In my current schema I cannot change the id field and there are also
another fields I need to take in account to calculate the document
signature.

Again, in my case I have to set overwriteDupes=“false”, but reading the
Solr guide I see a lot caveats when overwriteDupes=“true”. When there is
the needs to calculate a signature an still overwrite the document?
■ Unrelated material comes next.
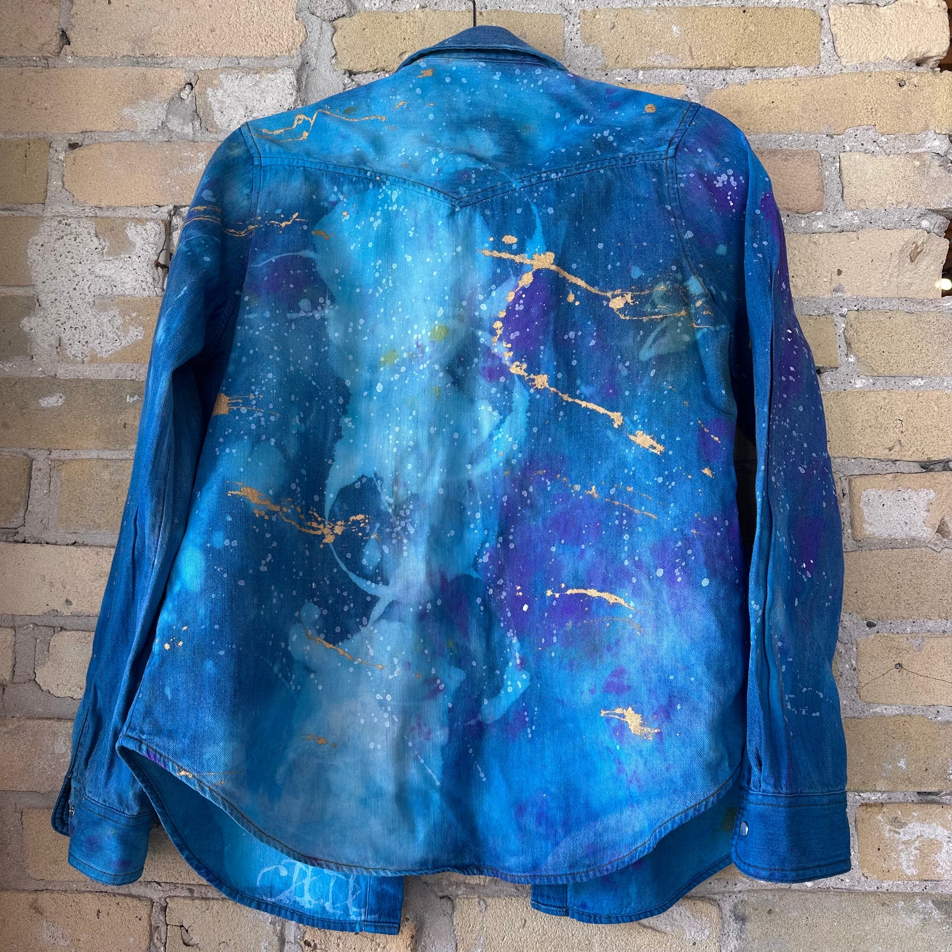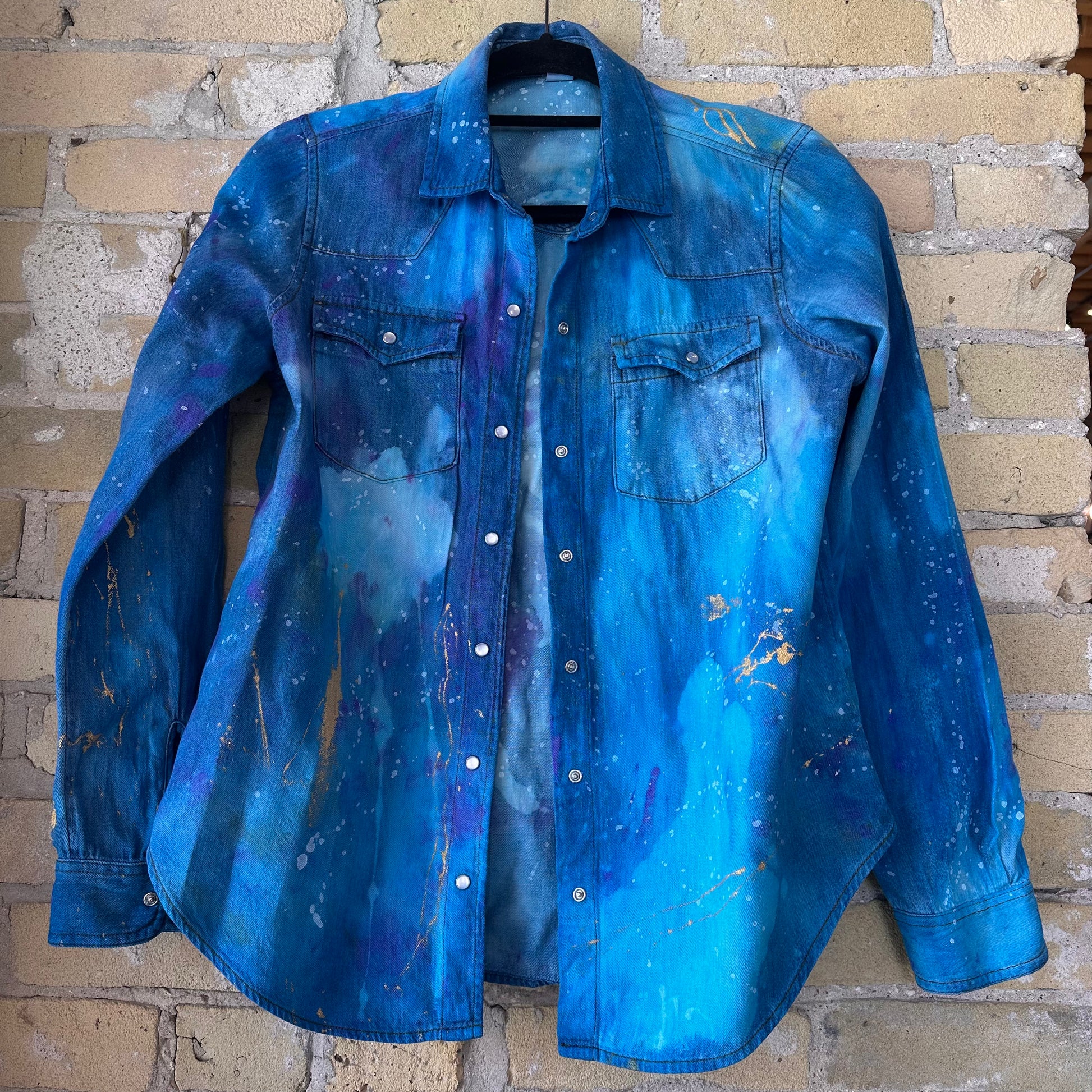 hand painted metallic denim shirt
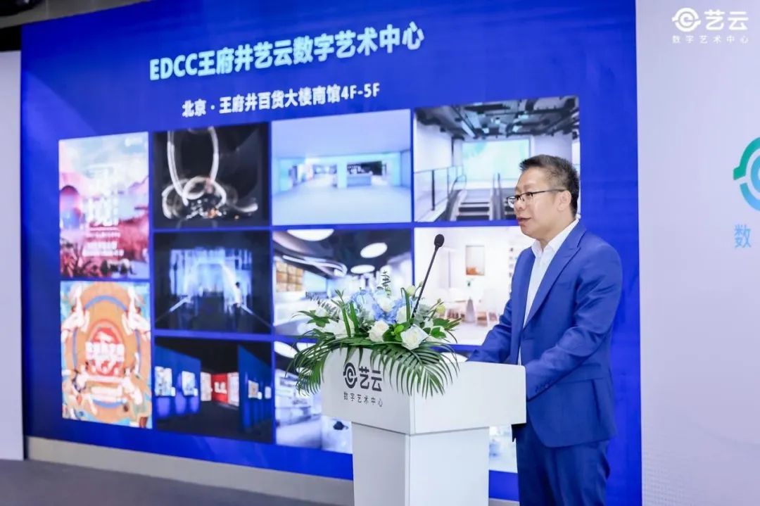 艺云科技总裁白峰在致辞中表示:“今天落成的数字艺术中心(王府井),是我们首座2.0版数字艺术中心。该中心以文化和科技融合为创新内核,融合数字展览、科普研学、数字文创、联盟基地、艺术咖啡等功能,旨在打造‘文旅商产’融合的消费新场景和创新策源地。”

This
should be a niche behavior.

At this point it would be interesting to see how this Processor would
increase the indexing performance when you have many duplicates.

I think this is the part of Solr Reference guide you were looking for:
https://solr.apache.org/guide/8_11/de-duplication.html
There is also a very useful example that explains how to implement
deduplication with all SolrCloud caveats (my case).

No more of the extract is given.